# Self-Hosted CI Infrastructure Project Specification
**Project:** Embeddenator Self-Hosted CI/CD System
**Version:** 1.0
**Last Updated:** 2025-12-22
**Status:** Active Development
**Document Owner:** DevOps Engineering Team
---
## Table of Contents
1. [Executive Summary](#executive-summary)
2. [Project Overview](#project-overview)
3. [Current State](#current-state)
4. [System Architecture](#system-architecture)
5. [Requirements](#requirements)
6. [Runner Types and Configurations](#runner-types-and-configurations)
7. [Testing and Validation](#testing-and-validation)

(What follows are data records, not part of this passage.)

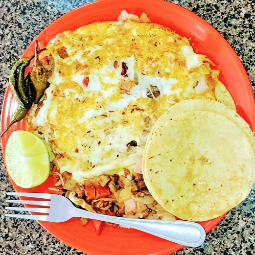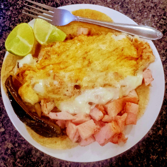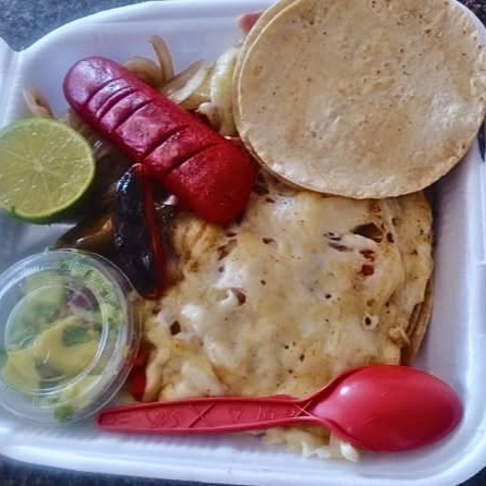 Especialidad con carne asada, chorizo, cebolla, tocino, jamón, salchichón parrillero, morrón todo envuelto en extra queso, se acompaña de frijolitos charros chicos, tortillas, limón, salsa chilena, roja y 1/2 agua de fruta natural.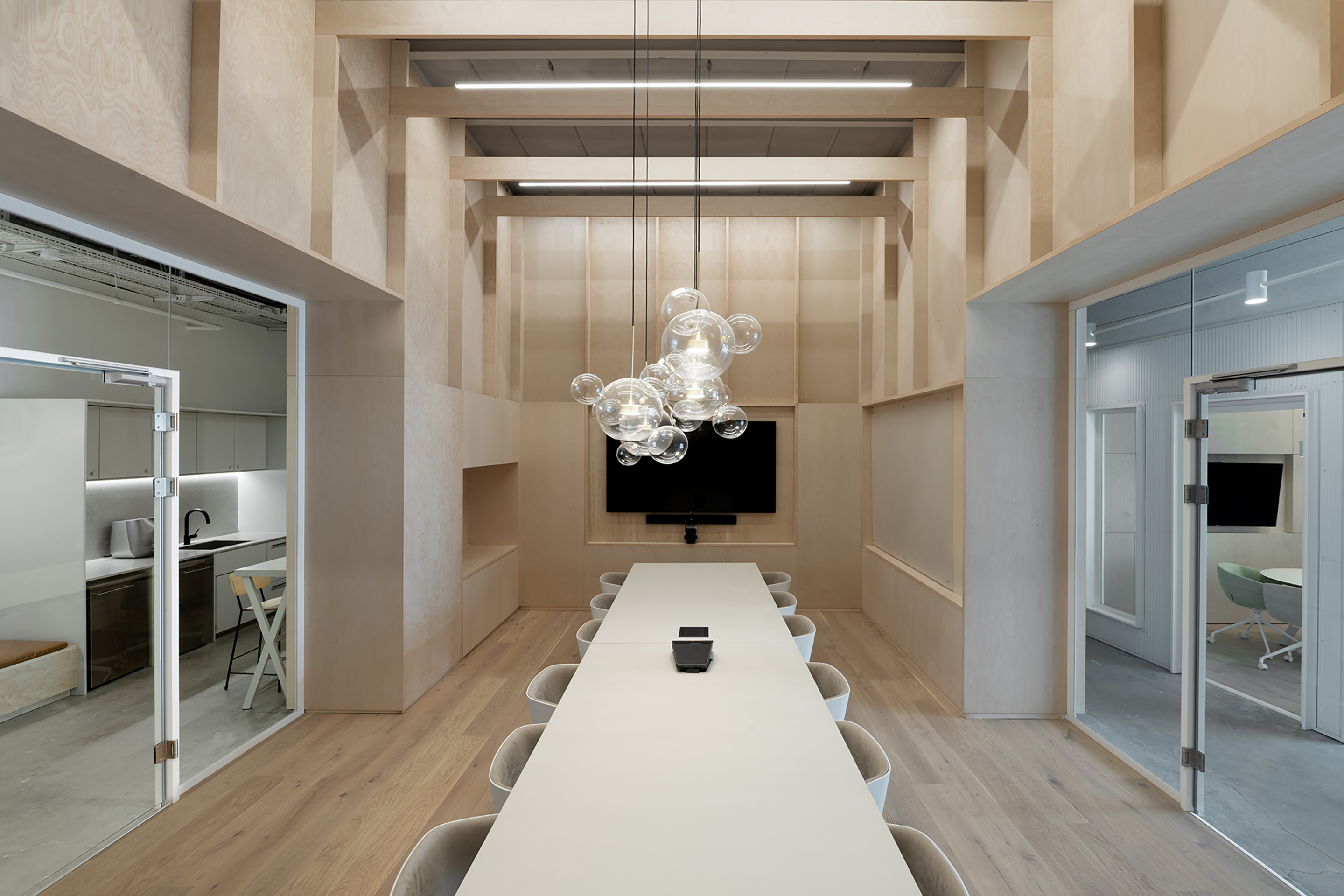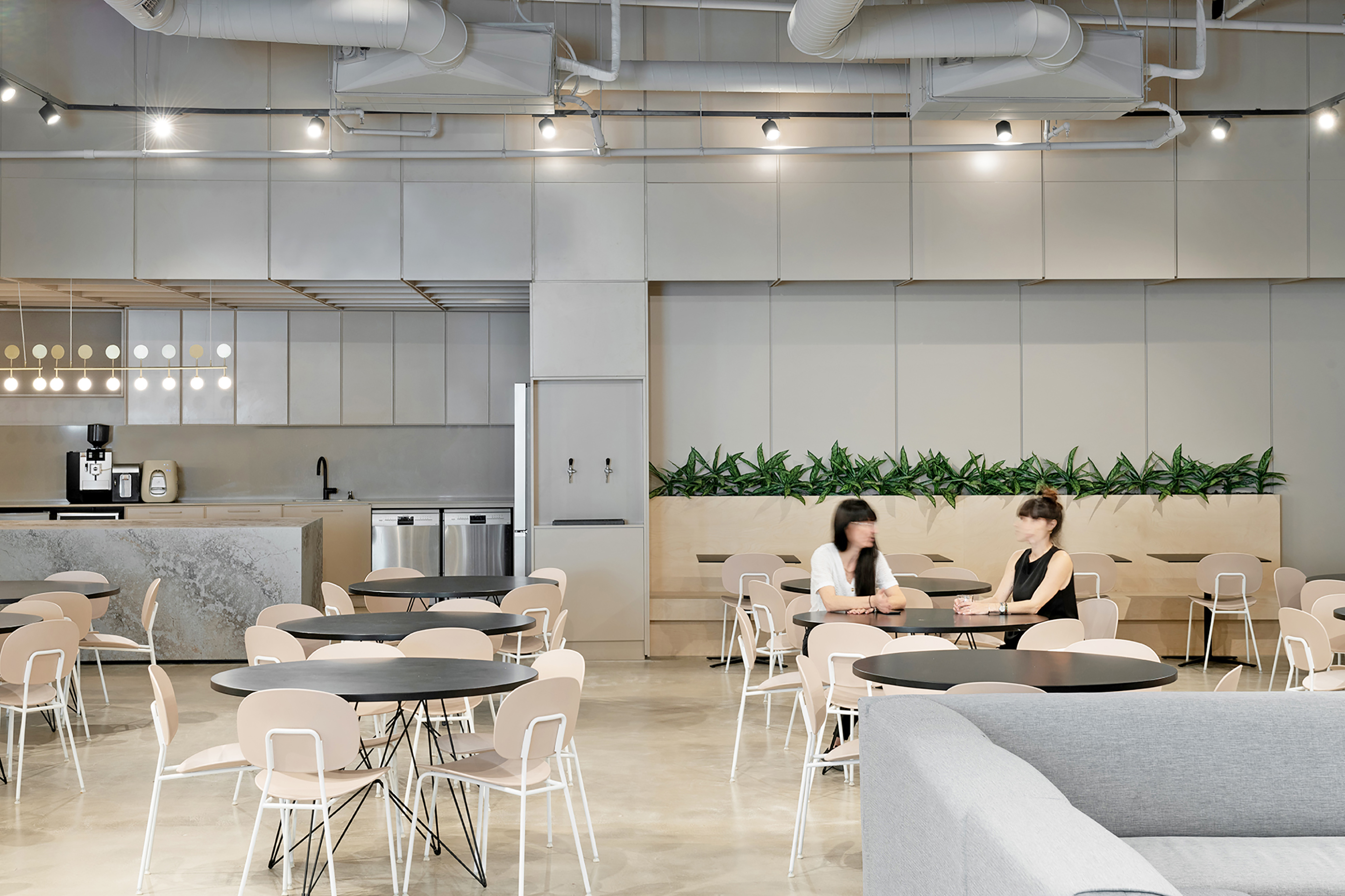 주방에서 9m 길이의 아일랜드 식탁은 하루 종일 음식이 제공된다. 그 아일랜드 식탁은 술집처럼 근무 시간 동안 활발한 공간이 된다. 건축가들은 집중식, 플러싱, 공간 중심 또는 작업자의 개인적인 옵션 등 다양한 옵션을 가능하게 하는 조명 설비의 시스템을 만들었다. 기술 조명과 함께 산업화된 천장과 넓은 콘크리트 기둥을 세련되게 만드는 고전적인 조명기구가 사용됐다.
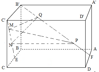 Cho hình hộp chữ nhật \(ABCD.A'B'C'D'\) có \(AB = 6cm,BC = BB' = 2cm\). Điểm \(E\) là trung điểm cạnh \(BC\). Một tứ diện đều \(MNPQ\) có hai đỉnh \(M\) và \(N\) nằm trên đường thẳng \(C'E\), hai đỉnh \(P,Q\) nằm trên đường thẳng đi qua điểm \(B'\) và cắt đường thẳng \(AD\) tại điểm \(F\) . Khoảng cách \(DF\) bằng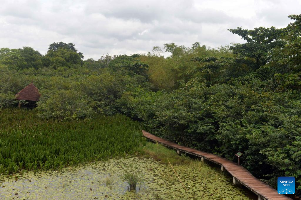 This photo taken on July 24, 2025 shows a view of mangroves at Beddagana Wetland Park on the outskirts of Colombo, Sri Lanka. July 26 marks the International Day for the Conservation of the Mangrove Ecosystem. Sri Lanka's mangroves play an important role in purifying seawater, buffering coastal storms, sequestering carbon and sustaining biodiversity. (Photo by Gayan Sameera/Xinhua)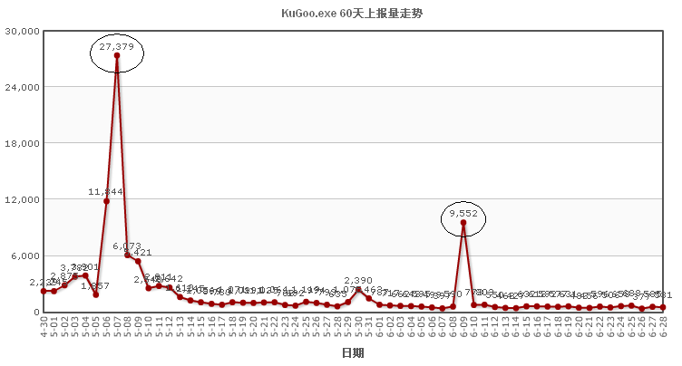 截止到6月29日,“云安全”数据中心显示,酷狗网站在5月7日和6月9日仍有小范围的被挂马行为。(5月7日截获到KuGoo.exe访问挂马网站的数量为27379,6月9日为9552)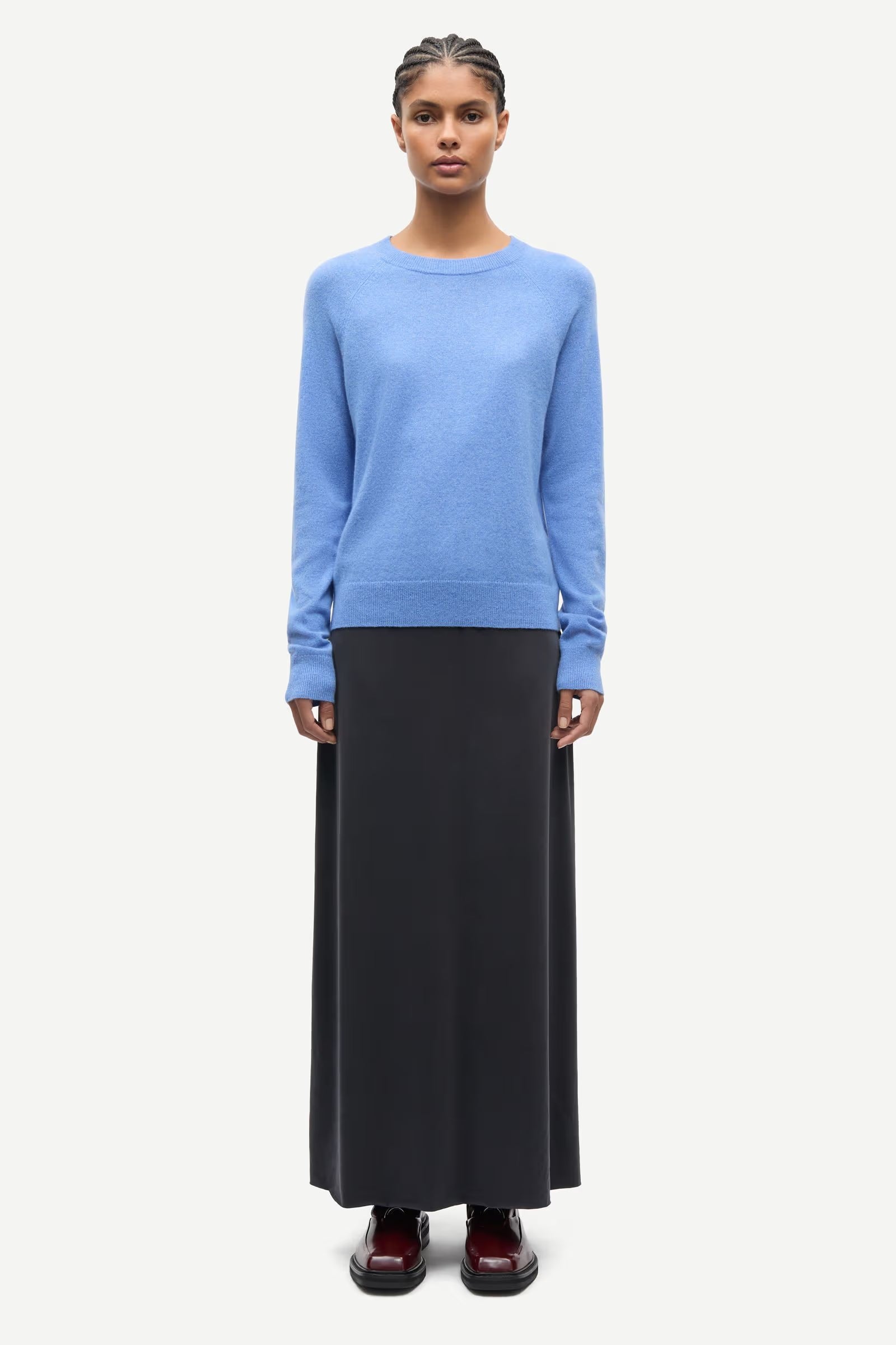 Sweater with a loose fit and raglan sleeves. Rib-knitted detailing at crewneck, cuffs and hem. Knitted with a fine gauge. Main material made from 100% cashmere. This product is GCS certified. GCS addresses the responsible production of cashmere wool.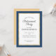 This retirement party invitation offers a sleek professional layout with a navy blue border accented with a thinner gold border. Custom text allows you to add your retirement party details.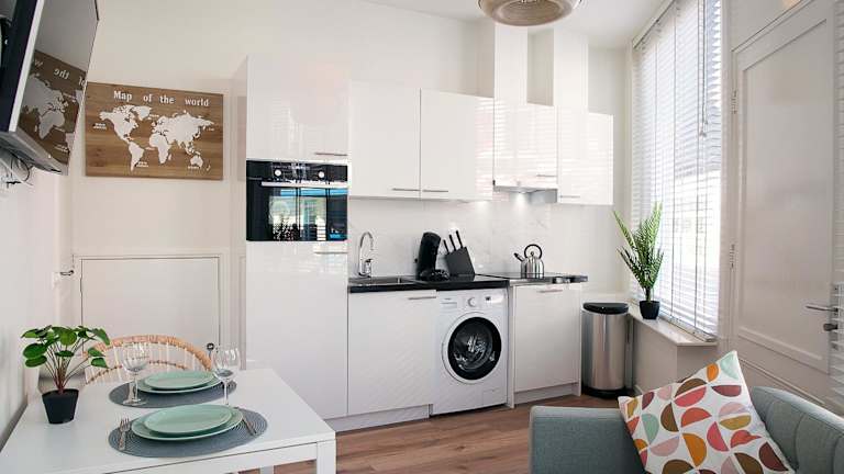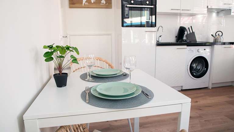 Die Unterkunft verfügt über eine gut ausgestattete Küche mit Kühlschrank, Geschirrspüler, Ofen, Mikrowelle, Herdplatte, Kaffeemaschine und Wasserkocher, sodass Gäste ihre eigenen Mahlzeiten zubereiten können. Es sind keine Informationen zu gastronomischen Angeboten vorhanden.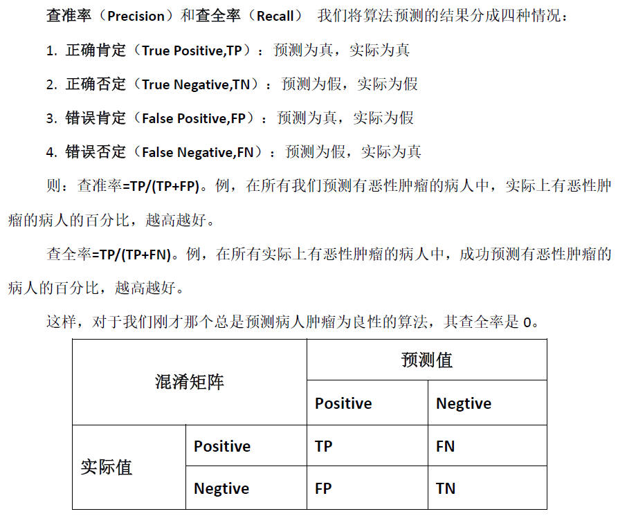 查准率和查全率,查准率分母是所有预测为真的样本,表示预测为真并正确的样本在预测为真的样本中的比例;查全率分母是实际为真的样本,表示预测为真并正确的样本中在实际为真的样本中的比例。

8. [Future Roadmap](#future-roadmap)
9. [Appendix](#appendix)
---
## Executive Summary
The Embeddenator project requires self-hosted GitHub Actions runners to support multi-architecture builds (ARM64, x86_64) and specialized hardware (GPU) that are not available in GitHub's standard hosted runner fleet. This document specifies the design, implementation, and operational requirements for a robust, automated self-hosted CI infrastructure.
### Key Objectives
1. **Multi-Architecture Support**: Native ARM64 builds without emulation overhead
2. **GPU Acceleration**: Support for GPU-accelerated workloads in future development
3. **Cost Optimization**: Auto-scaling runners with idle timeout management
4. **Automation**: Fully automated runner lifecycle management
5. **Reliability**: High availability with automatic recovery and health monitoring
### Success Criteria
- ✅ ARM64 CI workflow completes successfully on self-hosted runners
- ✅ Runner automation system manages lifecycle without manual intervention
- ✅ Cost savings >50% compared to cloud-based alternatives
- ✅ Build time <15 minutes for full test suite on ARM64
- ✅ Zero manual runner management required during normal operation
---
## Project Overview
### Background
Embeddenator is a Rust-based holographic computing substrate that requires testing and building on multiple architectures:
- **AMD64 (x86_64)**: Primary architecture, fully supported by GitHub-hosted runners
- **ARM64 (aarch64)**: Required for multi-arch Docker images, not available in standard GitHub runners
- **GPU Support**: Future requirement for VSA acceleration research
The project previously attempted to use ARM64 GitHub-hosted runners, but these do not exist in the standard offering. QEMU emulation on x86_64 runners proved too slow (5-10x overhead) and unreliable for CI/CD purposes.
### Solution Approach
Implement self-hosted runner infrastructure with:
1. **Automated Runner Management**: Python-based lifecycle automation (`runner_manager.py`)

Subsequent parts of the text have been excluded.